In interior design, chain reactions are common. It often goes like this: A new sofa makes the old armchairs look a little worn, so they are reupholstered. The fresh seats make the existing rug seem out of place and the old drapes look wrong, so they are both replaced. It’s that type of scenario that designer Mikhail Dantes found himself in when Thomas Madden, a single dad with a young daughter, approached him about furnishing his newly acquired home in Denver’s coveted Wash Park neighborhood. During an early walk-through Thomas nonchalantly indicated a chip in the kitchen counter and asked if it could be replaced. To which Dantes replied that changing the top would probably mean the old sink had to go, and then the cabinets might not look right, and well, you can guess what happened next. “From that one little chip we moved into a whole house remodel and before we knew it we were taking the interior down to the studs,” says Dantes.

“The house had great bones, but I really wanted something more modern,” says Thomas, who was drawn to Dantes’ knack for making neutral palettes inviting and minimalist interiors both elegant and livable. Along with those attributes the designer’s take-no-prisoners approach to any form of excess has become an accepted part of his signature style. “No case, no base, no trim,” Dantes says about refreshing this home. “We recreated the architecture inside by stripping down superfluous decoration.”

Putting the initial “furnishings only” request on hold the designer first tackled the more pressing issues of reassigning rooms and eliminating any references to the home’s Tuscan ambience–distressed cabinets and faux plaster walls in mottled shades of red, taupe and blue topping the casualty list. In short order the master bathroom and closet were reorganized to create more storage space, three cramped upper-level guest rooms were merged into two larger spaces, and all evidence of faux stone mantles, columns and other Italian accents vanished.

Paramount to the reinvention was a thoughtful layering of new materials starting with lightly stained walnut floors, and walls coated in Dantes go-to Benjamin Moore shade of Super White. In the living room, the monolithic limestone-wrapped fireplace with suede padded tiles above the mantel would normally be the sole statement piece, but in the open layout the kitchen’s mix of lacquer and dark oak cabinets also draws you in.
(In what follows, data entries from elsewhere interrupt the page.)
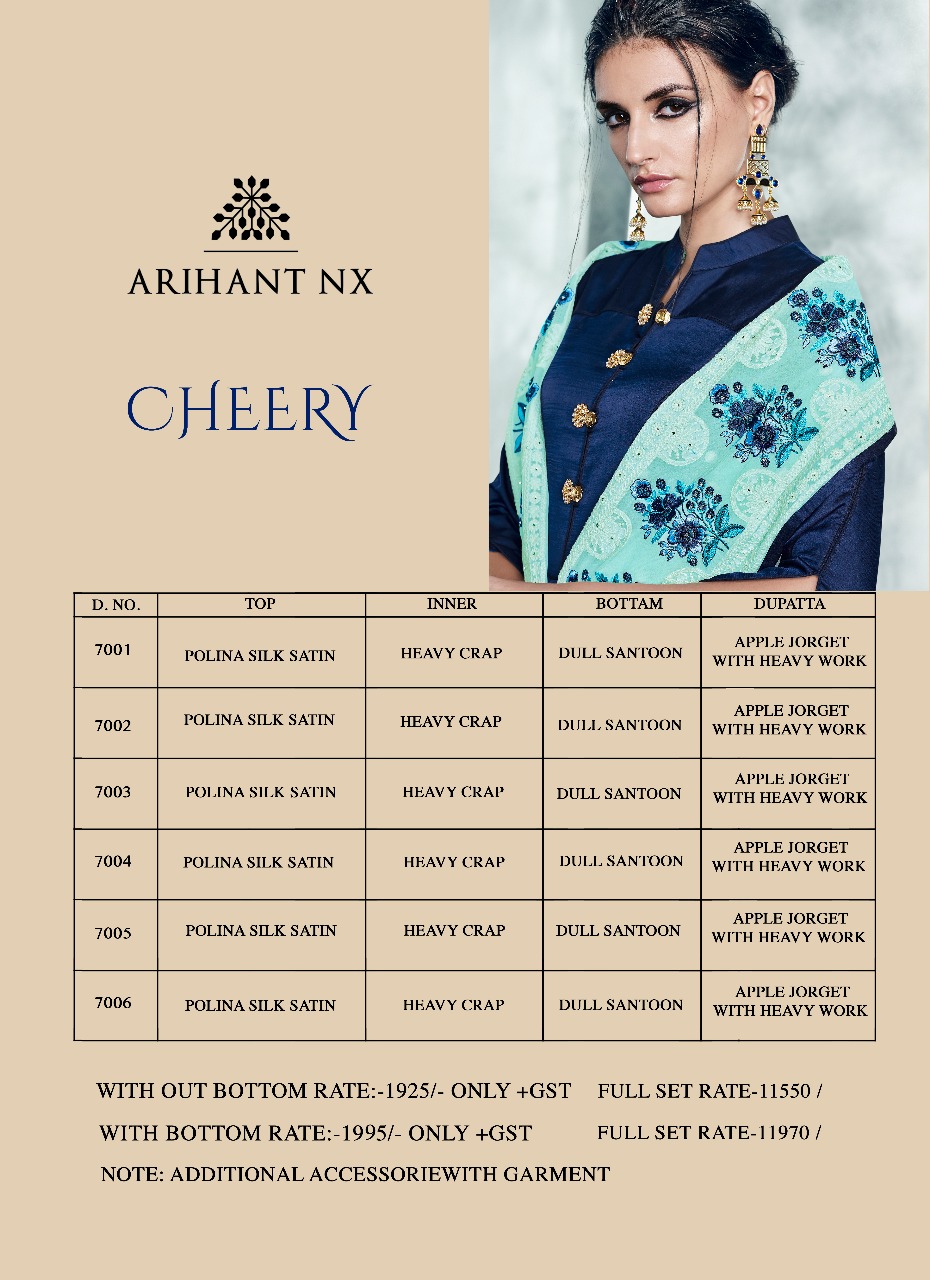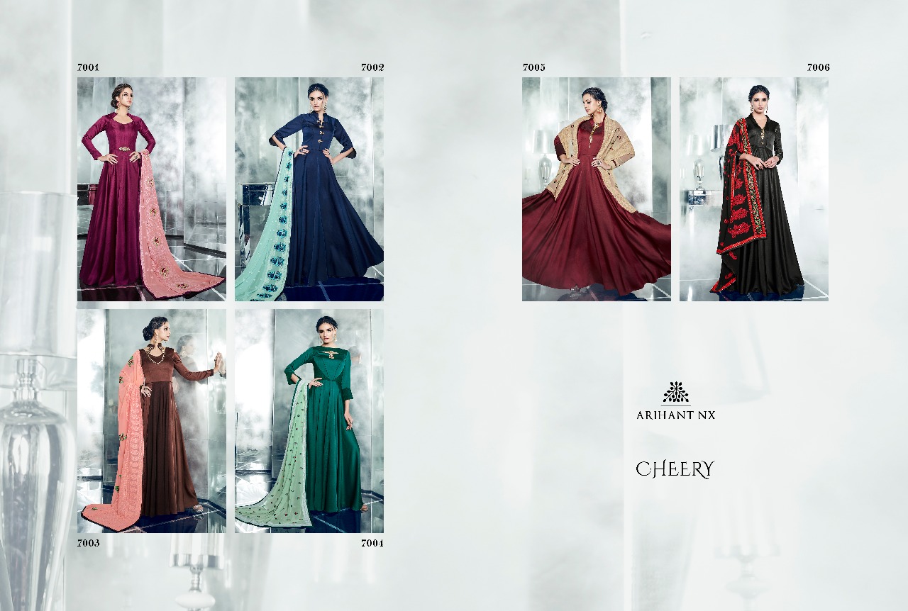 Buy Online Cheery Series 7001 By Arihant Nx Readymade Gown Wholesale Supplier And Dealer Surat 6 Pcs of Full Catalogue at Wholesale Price. Looking for Cheery Series 7001 By Arihant Nx Readymade Gown Wholesale Supplier And Dealer Surat Full Catalouge at Best Price? Buy Now Cheery Series 7001 By Arihant Nx Readymade Gown Wholesale Supplier And Dealer Surat at Wholesale Rate of Rs 11550 with Total 6 Pcs from authroized dealer and supplier of ARIHANT NX Brand. Cost of Each piece is just only Rs 1925 which is very low and affordable price to resale the product in your retail store ,This is Surat based Wholesale Supplier & Dealer of ARIHANT NX Brand. Click on Brand name to Know more about ARIHANT NX Brand's products.Call or Whatsapp on 9898838984 for booking or enquiry
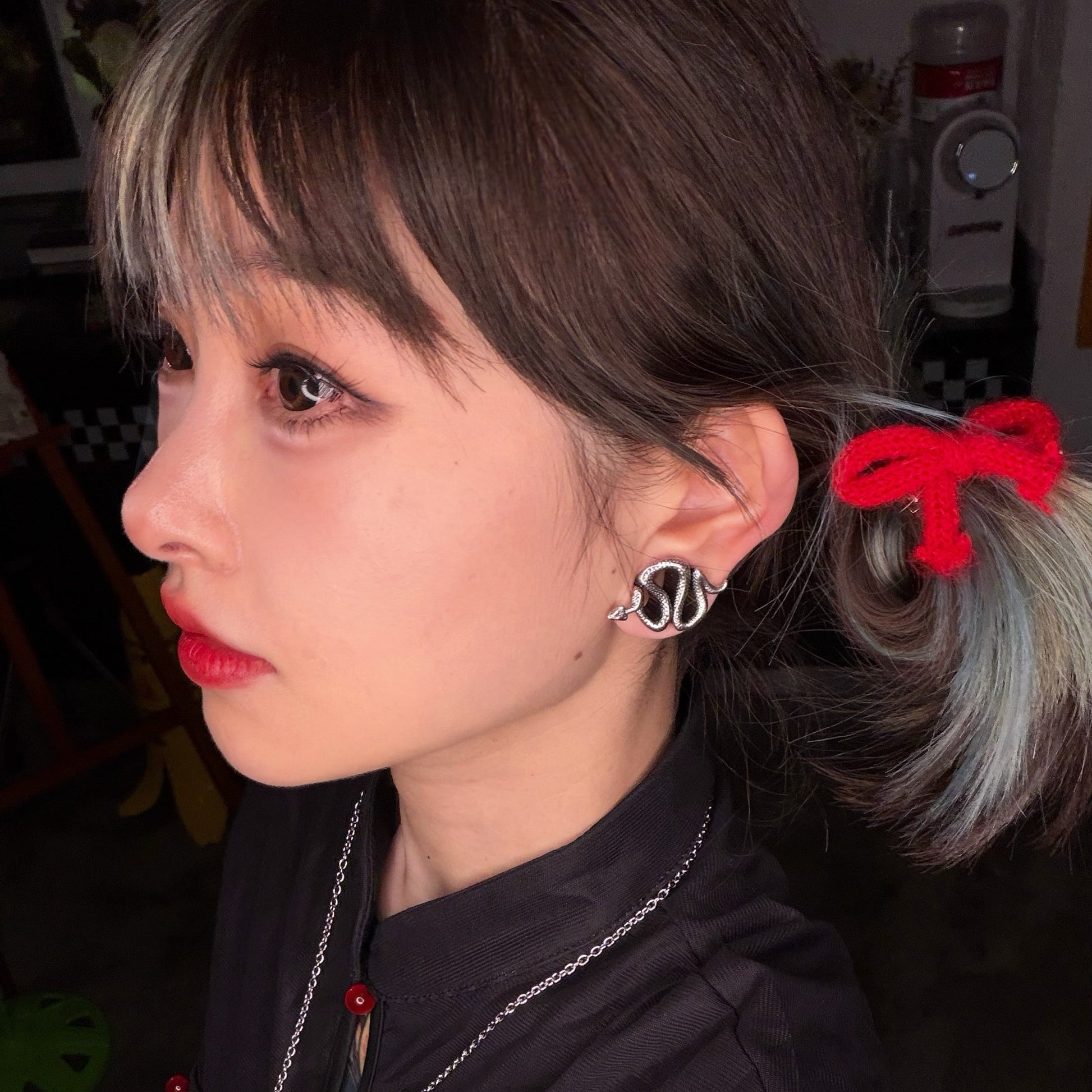 Crafted in the form of an elegant serpent, these tunnels feature sleek metal, exuding a mystical allure. This item is sold as a pair.
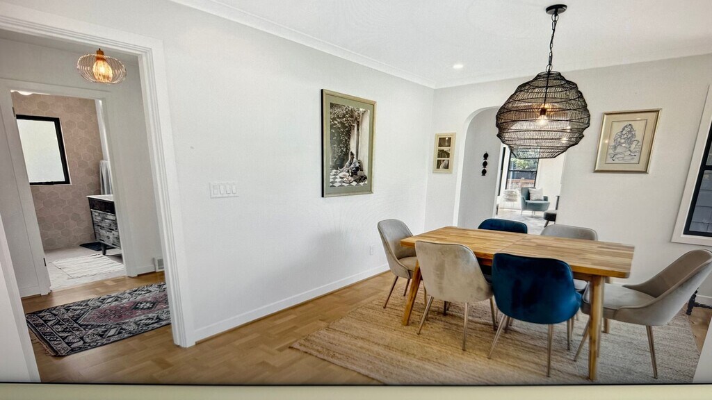 Applications accepted no sooner than October 3rd at 8am. Step into this beautifully renovated 3-bedroom, 3 bathroom gem, perfectly blending modern upgrades with classic charm. As you enter, you'll be greeted by an expansive, light-filled living room complete with large, brand-new windows featuring sleek black trim, allowing natural light to pour in. The gas fireplace serves as a stunning focal point, while the warm old-growth oak hardwood floors create a cozy and inviting atmosphere. The walls are freshly painted in a sophisticated palette, complemented by tasteful window coverings. The open kitchen is an entertainer’s dream. Equipped with stainless steel appliances, gorgeous silestone countertops, and custom cabinetry, the spacious kitchen boasts a large island, ideal for casual dining or meal prep. Large windows offer a bright, airy feel, seamlessly flowing into the adjoining dining area. Upstairs, you’ll find two beautifully updated bathroom featuring luxurious rain showerhead. The downstairs bath includes a deep soaking tub for those moments of relaxation. The spacious downstairs living area offers flexibility—it comes furnished with a stylish Crate & Barrel couch, bookshelves, and a wall-mounted TV, making it perfect for a home theater or cozy retreat. The converted garage now serves as a fantastic ADU, complete with its own kitchen and full bath—ideal for guests, in-laws, a studio, or a personal workspace. This additional unit offers endless possibilities for anyone looking for flexible living arrangements. The fully fenced backyard offers a peaceful, private escape with beautiful landscaping, maintained by the owner, and plenty of space for outdoor gatherings. The air conditioning ensures comfort during hot summer days, while parking is easy, thanks to a side alleyway. Situated just a short walk from Woodstock Park, this home is perfectly located near Safeway, Bi-Mart, charming cafes, and restaurants. Plus, public transportation is steps away, making commuting a breeze. Details: Pets welcome upon approval Tenant pays all utilities Close to schools, shopping, and dining This home offers a rare combination of space, style, and location—don’t miss the opportunity to call it yours! The City of Portland requires a notice to applicants of the Portland Housing Bureau’s Statement of Applicant Rights. Additionally, Portland requires a notice to applicants relating to a Tenant’s right to request a Modification or Accommodation.

Add to that the ceiling, where large collaged pieces of lacquered tea paper line the spaces between the coffers, causing all eyes gazing up. “I wanted to add a pattern that was more organic to contrast with all the clean lines,” Dantes says. “And when you’re lying on the sofa it’s nice to look up and see something wonderful.”

Still Dantes insists it is not any one thing that stands out in the great room but rather the amalgamation that makes it successful. “There’s a lot going on, but the trick was how to make all those elements blend in a peaceful cohesive way,” says the designer, who also added nubby linen upholstery on the sofa and a hand-knotted wool rug on the floor as textural interjections. “The quietness and subtlety of the palette makes it possible to layer many things without any one thing being in your face.”
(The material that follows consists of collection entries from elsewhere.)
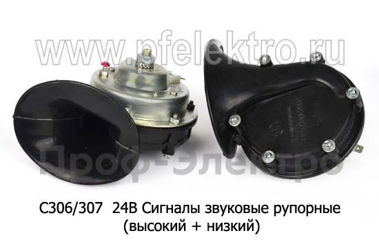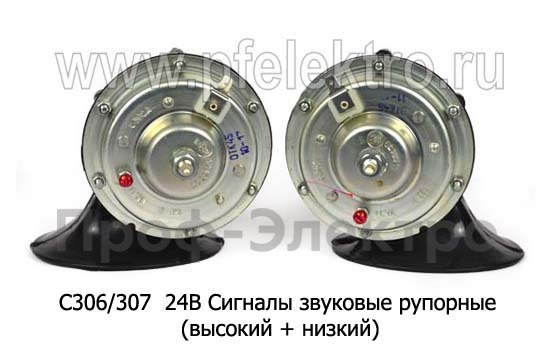 С306/307 24В Сигналы звуковые рупорные (выс+низ) для камаз, урал, все т/с 24В (ЛЭТЗ)
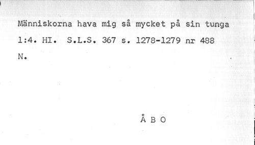 //// Människorna hava mig så mycket på sin tunga //// 1:4. Hl. S.L.S. 367 s. 1278-1279 nr 488 [ //// _ //// N. //// i ¦ //// — //// f //// ÅBO //// i ////
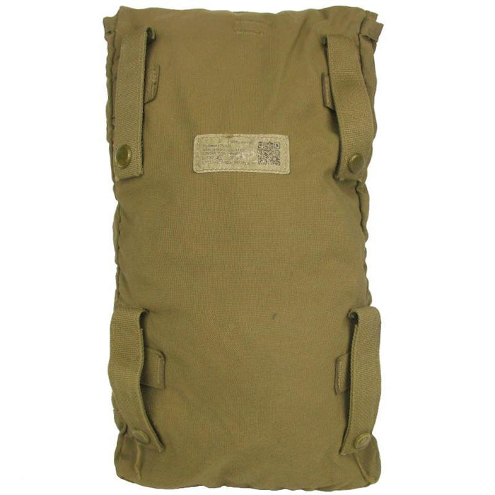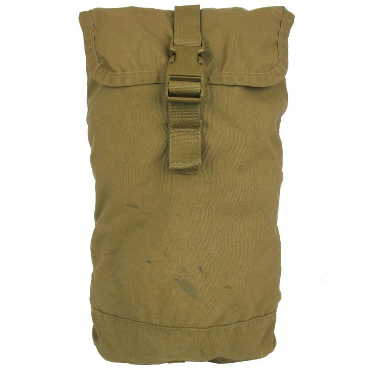 The pouch is secured to a PALS surface with 4 MOLLE tabs that have snap domes. To add your hydration bladder (not included) there is a plastic clip and adjustable strap you simply open at the top of the pouch. Inside there is a cord loop you can feed the drinking tube through so the bladder doesn't slouch. If you happen to not secure the lid on your bladder correctly or get a leak, the pouch has a large drain hole to release the build up of water. Made from a hard wearing cordura finished in coyote brown, these have plenty of life left in them and will protect your hydration bladder well.
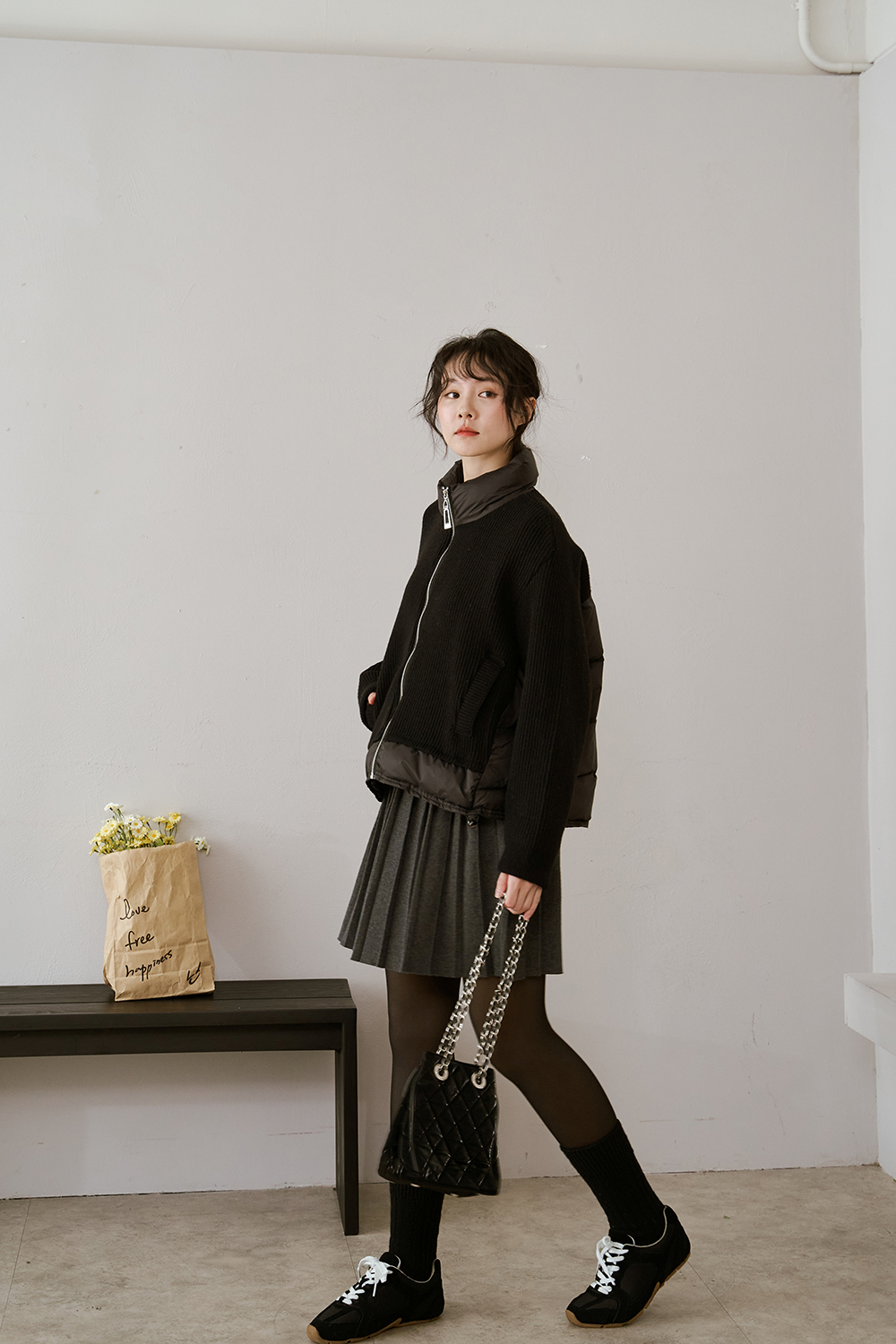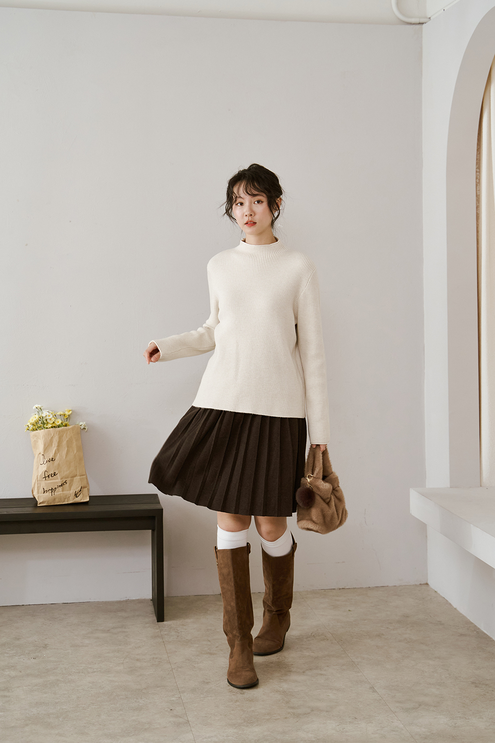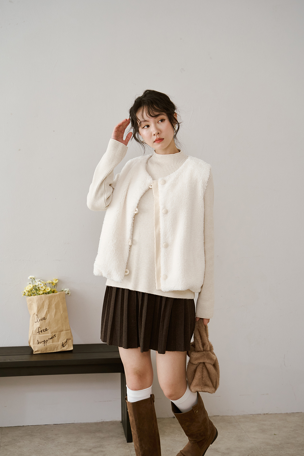 下身百褶裙 整體線條自然垂墜 修飾身形

Throughout, there are geometry lessons. In the dining room, for example, the console table’s metal frame mimics the linear pattern of the hide-on-hair rug, with the blocks and lines on the wall art providing the perfect complement. “I took my cues from the grid pattern created by the coffered ceiling in the living room,” Dantes says. In the lower-level media room stripes and cubes depicted in the artwork reinforce the pattern subtheme in the rug and in the dramatic fireplace with book-matched marble.
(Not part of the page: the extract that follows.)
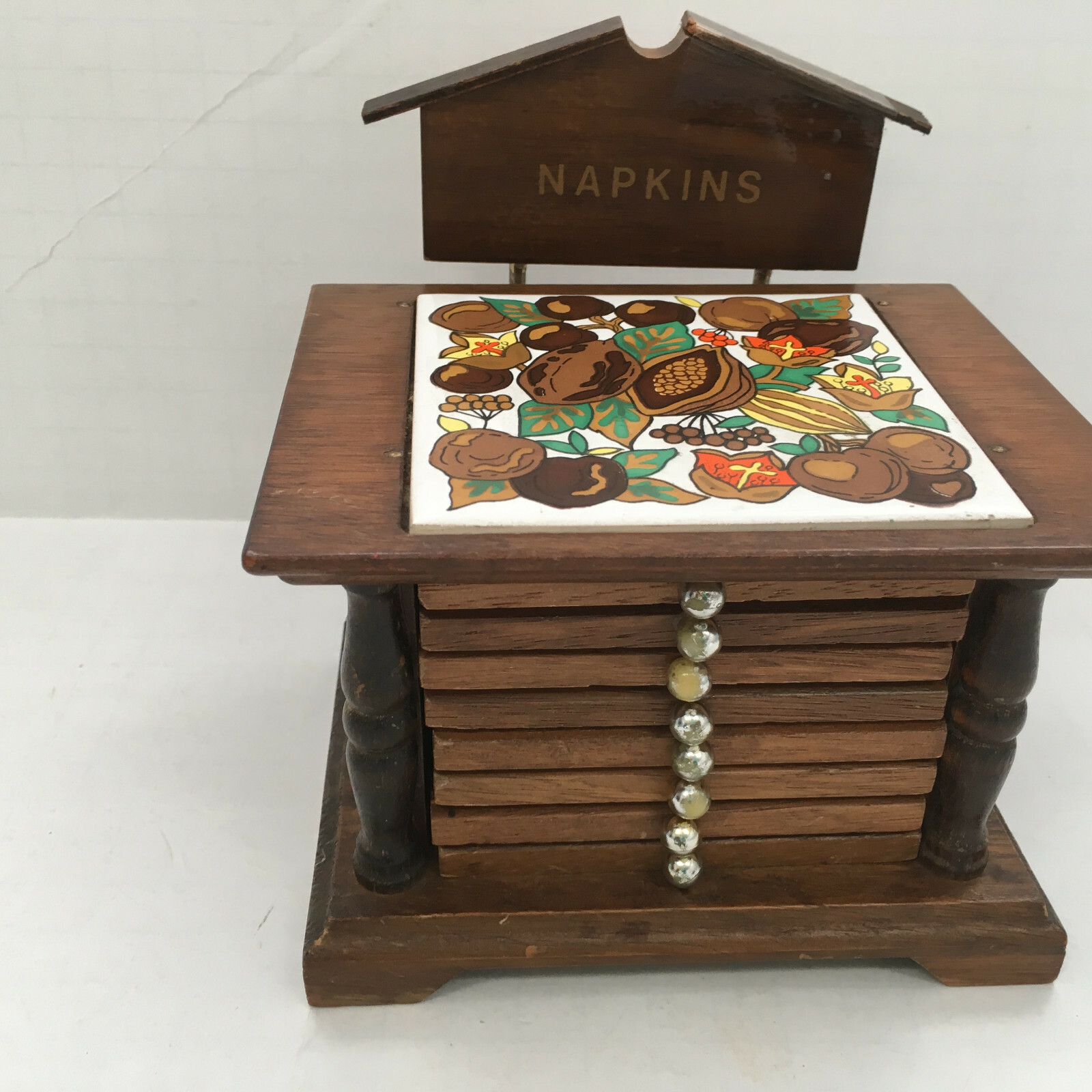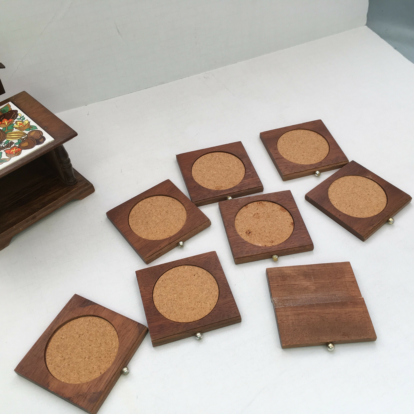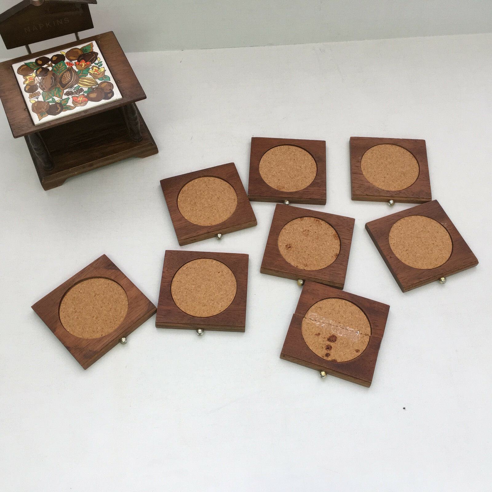Vintage wood cork coaster set napkin holder and 50 similar items

In the master bedroom, a wooly sheepskin rug and suede wallcovering soften the tone-on-tone space, but the latter required a little convincing. “There was this over-the-top gold accent wall I saw that I thought would be perfect,” the homeowner shares. “But Mikhail nicely suggested that I might get tired of it and gently steered me toward the suede instead, which I really love.”

Steering his clients in the direction of longevity is another part of Dantes enduring design philosophy. “My approach with every client is the same,” he says. “No tricks or gimmicks–and whatever the style, it’s about beautiful pieces mixed together to create beautiful rooms.”